Prague – The European Union has allocated 75 percent of the subsidies for the Czech Republic for the 2021 to 2027 period. Out of the total 512.4 billion crowns, 384 billion crowns are earmarked for specific projects, but only 172 billion crowns have been disbursed to date. The Czech Republic has requested reimbursement of 131 billion crowns from the European Commission, as announced by the Ministry of Regional Development (MMR) in a recent press release.
The ministry reports that it has adhered to the spending limit established by the n+3 rule, which mandates that funds allocated for a given year must be utilized within the subsequent three calendar years. As the spending limit has been met, the MMR asserts that there is no risk of the Czech Republic having to return any funds to the EU budget.
“We are effectively funding regional development projects throughout the Czech Republic. The data indicate that the system is functioning well. We are complying with European spending limits without issue, and thus, we will not be returning funds to Brussels,” stated Minister for Regional Development Zuzana Mrázová (ANO).
European funds have supported various initiatives, including the Salvage project at the Masaryk Memorial Cancer Institute in Brno, which aims to enhance cancer disease prevention using innovative technologies and methodologies.

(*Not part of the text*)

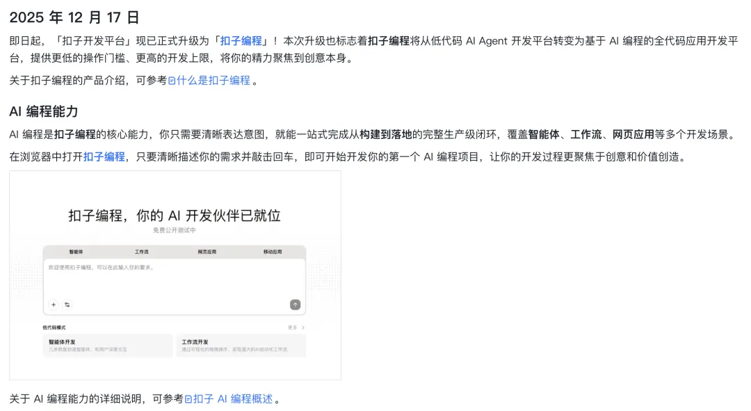 - Coze (扣子编程):其核心演进方向是将 Workflow 封装为 Tool。通过对话流的方式,用户不再需要手动的拖拽节点编排逻辑,而是像对话一样阐述SOP过程,很好的降低了用户完成SOP业务流程的成本。下图是Coze官网的产品演进路线。

EU funds have allocated a total of 488 million crowns for connecting research with clinical practice. Additionally, the municipalities of Rapotín, Petrov nad Desnou, and Vikýřovice in the Šumperk region have utilized European funding, in partnership with the Morava River Basin Authority, to implement flood control measures on the Desná River, with 322 million crowns contributing to the development of an oxbow lake, pools, and floodplain parks.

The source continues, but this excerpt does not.